The parents told the hospital social worker they only visited Maximus three times because they had flu. The hospital social worker did not believe them. He opined that “it is extremely unlikely that the parents had the flu for 43 days.”

The appellate record contains a written “NICU Discharge Follow-Ups” instruction for Maximus. It is dated January 26, 2010, and bears a nondecipherable signature on the line entitled “(parent/conservator/guardian).” It states the baby was to be seen by a pediatrician in 48 hours and by the pediatric ophthalmologist in two weeks. What appears to be an additional page for the discharge states the ophthalmologist’s name and has a written notation “2 weeks.” However, the Department’s detention and jurisdiction/disposition reports indicate that Maximum was supposed to be taken to see the ophthalmologist on January 29, 2010, the day after he was discharged from the hospital. A pediatric social worker at the hospital told the Department that both he and the ophthalmologist told Maximus’s parents that they must follow up the next day with the ophthalmologist to assess if Maximus needed surgery. By “next day, ” the hospital social worker apparently meant the day after Maximus was released from the hospital. The Department’s jurisdiction/disposition report states that when the Department social worker questioned Mother about the required ophthalmologist visit, Mother stated she had been told by a nurse to make the appointment for two weeks later. Asked why she had not scheduled an appointment Mother stated she had no phone and no car, and “it was downtown. I was trying to get into a clinic that was near me.”

Upon receiving the immediate response referral, social worker Thomas reviewed the Department’s records and discovered that on June 15, 2009, the dependency court had terminated Mother’s parental rights to her two other children, Nathan F. and Aaron F., because of Mother’s untreated substance abuse, including cocaine.
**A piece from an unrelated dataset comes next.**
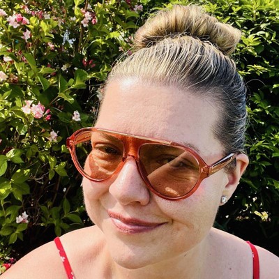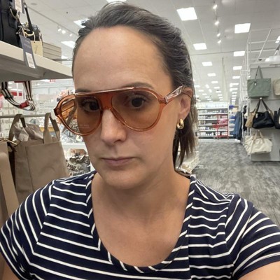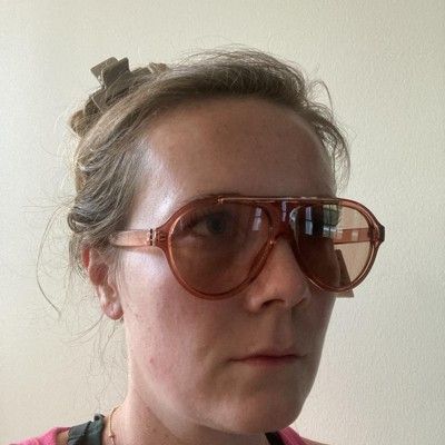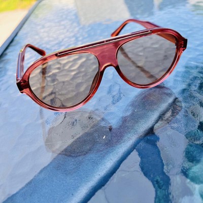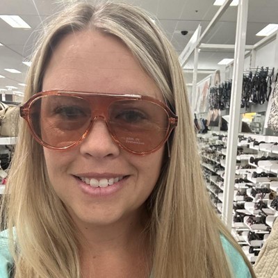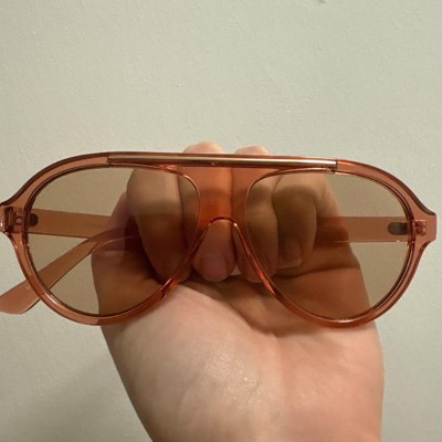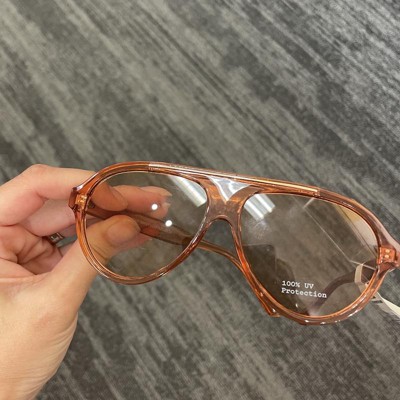 Stay high in style on sunny days with the Round Flattop Plastic Aviator Sunglasses from A New Day™. These round aviator sunglasses are designed with a flat top for a classy look you'll love. The pink frame complements the brown lenses, which feature UV protection to help keep your eyes shielded from the sun. Made with plastic frames with a medium facial fit, these aviator sunglasses will complement a wide variety of outfits.

Thomas also learned that on the day Maximus was born the Department received a referral regarding him because Mother had a lengthy substance abuse history and had reported only having three prenatal appointments during her pregnancy with Maximus. However, Mother’s toxicology screen was negative when Maximus was born, and after investigating the referral received on the date of his birth, including finding that the baby’s toxicology screen was negative, the Department concluded that although the allegation of caretaker absence/incapacity regarding the baby was unfounded, nevertheless there was a high enough risk of abuse and neglect so as to recommend that the family participate in 6 months of in-home services. The December 12, 2009 referral was closed. By the time Department social worker Thomas received the February 26, 2010 immediate response referral, Mother had not signed up for the recommended in home services.

After Thomas reviewed the Department’s records she went to the family home three times in an attempt to have a home visit and then learned the family had moved. She went to the new residence on March 3, 2010, at approximately noon. She found Mother and the minors at home and there were other adults there. Jeremiah and Maximus were dirty and were wearing dirty clothes. Thomas observed beer bottles and an empty brandy bottle in the home. Mother initially denied that she had been drinking that morning and said it was the other adults who were consuming alcohol, but then she stated she had consumed one drink. Mother acknowledged she had been told that Maximus could go blind without medical care but when asked why she had not taken the baby to the ophthalmologist, Mother gave Thomas many excuses. In her written report, Thomas opined that essentially the excuses indicated Mother was a very busy person. Asked about the minors’ respective fathers, Mother stated she did not know their whereabouts. Thomas determined that Mother was under the influence of alcohol during the home visit and there were multiple adults in the home who were also drinking. The minors were taken into protective custody by the Department that same day and placed in a foster home. The social worker observed that Jeremiah “separated easily from his mother.”

Two days after Thomas detained the children, Mother told the social worker that Maximus’s father, Jose E., had thrown objects at her while she was holding the child. On another date she told the social worker the objects were a plate and a cup. She did not make a police report. She told the social worker that she had used cocaine on or about March 1, 2010, and she used it because she was with Maximus’s father. She stated that she “relapse[s] with him.” She also stated that Jose E. likes to drink, begins drinking in the morning and drinks all day, likes to use cocaine when drinking, “gets physical when he drinks, ” and “[i]f he doesn’t drink he gets sick.” Mother tested positive for cocaine on March 4, 2010.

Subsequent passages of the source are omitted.